# Are we ready for St. V & Grenadines?



## carolinasailors (Apr 26, 2007)

We're fairly new sailors--been sailing with our toddler for almost 2 years now. Recently purchased our first sailboat which is in Charleston, SC--35 ft Beneteau. We've been to BVI's 3 times and now contemplating something a little different. Our four year old does well on the boat. Wondering how different St. Vincent and the Grenadines are from the BVI's? We'd like to go late October or early November. What should we know?


----------



## camaraderie (May 22, 2002)

First...wait till hurricane season is truly over! 
Next...it is not difficult sailing but you do have to pay a bit more attention to where reefs and rocks are and there is less shelter so you need to plan your anchorages. 
I would also avoid St. Vinent proper as much as possible and be careful to lock things up at all times. 
The Doyle Guide to the Windward Islands is a great reference an planning tool for you. The Grenadines are beautiful and the water and reefs are great. Also you should plan some time in Bequia and Cariacou. If your stay is more than a week, your check in at Cariacou is also your entry into Grenada and a visit to St. George might be of interest. Conversely, you could head north to St. Lucia and see the Pitons and the Volcano which is spectacular. 
Between the main islands as you come out of the lee you can get a lot more wind funneling through the islands and you should watch the water carefully for signs of this as it can catch you unaware if you aren't paying attention. Have fun!


----------



## carolinasailors (Apr 26, 2007)

*Thanks!*

Thanks Camaraderie!
We definitely plan to pick up the Doyle Guide. It appears to be a less traveled destination simply becuase it's quite difficult to get to.

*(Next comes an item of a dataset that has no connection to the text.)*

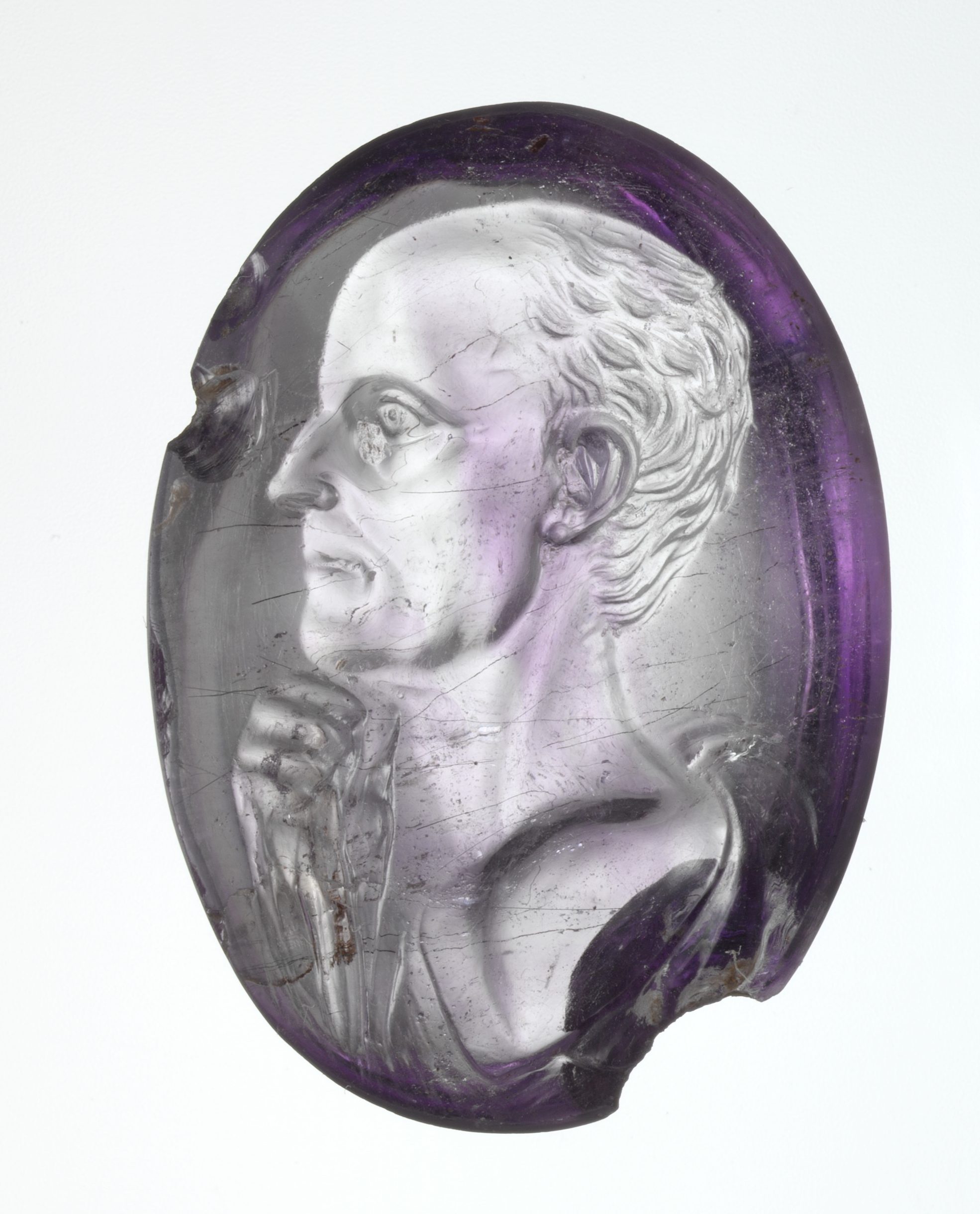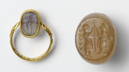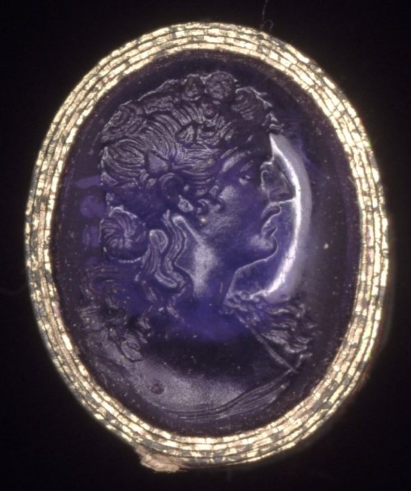 Vertical oval cameo/intaglio. Pale purplish translucent amethyst bead, pierced through and attached with revolving pin to gold ring. One side is domed and carved in the form of a scarab beetle. The other side is flat and depicts a faun or satyr with a short tail, naked except for a cloak flying from his shoulders. He is standing on his right leg facing right, his left leg drawn up possibly in order to adjust his sandle. In the field a shepherd’s crook. Hatched border. Set in a gold ring. Victoria and Albert Museum
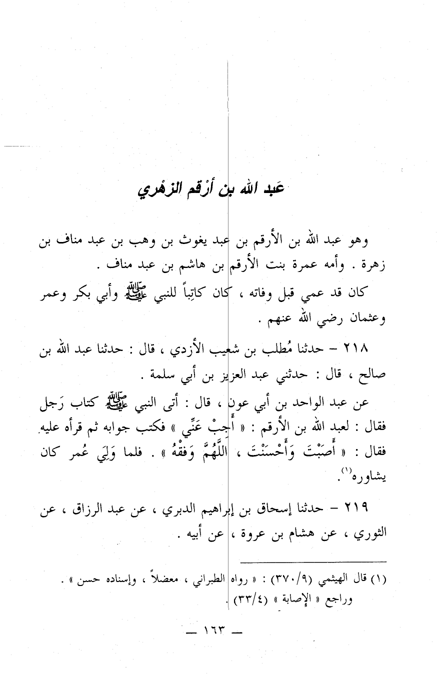 218 - حَدَّثَنَا مُطَّلِبُ بن شُعَيْبٍ الأَزْدِيُّ، قَالَ: حَدَّثَنَا عَبْدُ اللَّهِ بن صَالِحٍ، قَالَ: حَدَّثَنِي عَبْدُ الْعَزِيزِ بن أَبِي سَلَمَةَ، عَنْ عَبْدِ الْوَاحِدِ بن أَبِي عَوْنٍ، قَالَ: أَتَى النَّبِيَّ صَلَّى اللَّهُ عَلَيْهِ وَسَلَّمَ كِتَابُ رَجُلٍ، فَقَالَ لِعَبْدِ اللَّهِ بن الأَرْقَمِ:"أَجِبْ عَنِّي"، فَكَتَبَ جَوَابَهُ، ثُمَّ قَرَأَهُ عَلَيْهِ، فَقَالَ صَلَّى اللَّهُ عَلَيْهِ وَسَلَّمَ:"أَصَبْتَ وَأَحْسَنْتَ، اللَّهُمَّ وَفِّقْهُ". فَلَمَّا وَلِيَ عُمَرُ كَانَ يُشَاوِرُهُ.

Thanks again for your suggestions.


----------



## SanderO (Jul 12, 2007)

I 've sailed up and down the leewards and find that they are pretty easy to navigate about. It's pretty close to prefect sailing with reliable trade winds.

Doyle is super.

You'll enjoy it.. if the winds are "normal".

jef
sv shiva


----------



## TSOJOURNER (Dec 16, 1999)

Cam,
I'm curious about your comment on St Vincent. Before we got hit with the kid's college bills we often vacationed on Young Island just off St Vincent proper. Chartered out of there once or twice also. I found it to be a beautiful place with great sailing and always felt safe. But that was long ago, have things changed?


----------



## SanderO (Jul 12, 2007)

My sense is you have two main factors re the locals and sailors.

Some see them as revenue and play the welcoming hosts.

Others are resentful of the rich white guys who come to their paradise and leave nothing or add nothing. They're resentful.

I understand both. And they both steal with different means.

jef
sv shiva


----------



## Chuteman (May 23, 2006)

*Bigger Water*

CS: I'll add to Cam's description.................the difference I've found between BVI vs the Leeward/Windwards is the "open water" you will experience between islands especially on longer legs. Both swells & waves depending on weather conditions. That can be an eye opener or surprise to some especially crew who are not completely passionate about the sailing action.
It also has to be factored into navigation plans depending on time of year & prevailing winds.
It can be thrilling or "bumpy" depending on the day & location. But there's always rum at the end.


----------



## camaraderie (May 22, 2002)

TE...things have changed on the main island around Kingstown on land more so than in the anchorage. I think young island will be quite safe from violence but always lock your stuff and kink up.


----------